Что же может произойти в комнате этой, если здесь такие немыслимо белые сверкающие, взвизгивающие стены? И негде взгляду задержаться, неоткуда взять сосредоточенность, чтоб остановить этот визг. Чей?.. Вбежал белый халат, руки знакомые. Врач. Его что, кто-то звал? Э-э, да это же она звала… Моя боль, это она визжала. А я? Я – нет. Я сильная. Неужели я тоже потеряю стыд и заору какие-то «мамочки-родненькие»? Сжимаю губы, зубами прихватываю нижнюю, чтоб не вырвалась, чувствую – солоно во рту – прокусила. Но зато эта змея, главная боль, очевидно ослабела. Только тесно, хочется разметаться, распластаться, а может, разорваться вдоль.
Опять как-то так вышло: кричу. Бессловесно, но явно крик взлетает сам к последнему ряду кафельных плиток! Лично я не хотела кричать. Ну, и отошло. Но только откатило, как опять! Всё, я пропала. Борьба идёт не на равных, и противник победит.

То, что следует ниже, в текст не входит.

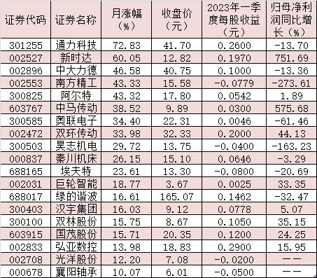 今年一季度,減速器板塊上市公司業(yè)績改善明顯。同花順數(shù)據(jù)顯示,在45家減速器板塊上市公司中,19家公司今年一季度歸母凈利潤實現(xiàn)同比增長,占比逾四成。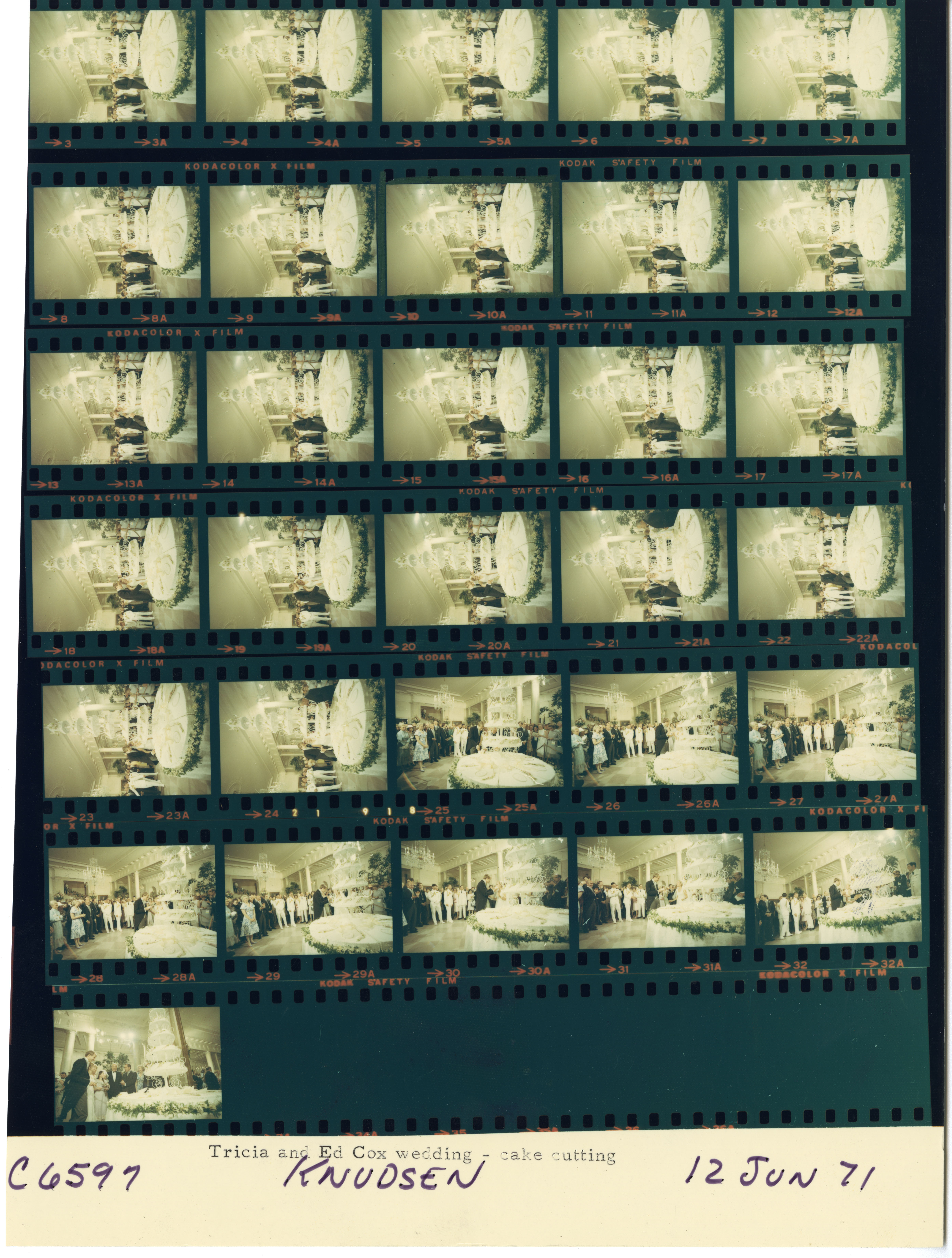 - Frame(s): WHPO-6597-03-33, Tricia Nixon Cox and Ed Cox cutting their wedding cake. 6/12/1971, Washington, D.C. White House, East Room. Tricia Nixon Cox, Ed Cox, President Nixon, wedding party members, guests.

Простынка сбилась. Когда отошла боль (не на большое расстояние отошла – это уж точно), всё поправила: рубаха, простыня… Лежу смирно и тут же проваливаюсь. Похоже: я раздвоилась! Одна Я хочу спать, а другая… Невыносимо! Засыпаю, и всё! Не расти трава! Другая Я… Ха! Не Я! Всё в том-то и дело! Не Я, а ОН!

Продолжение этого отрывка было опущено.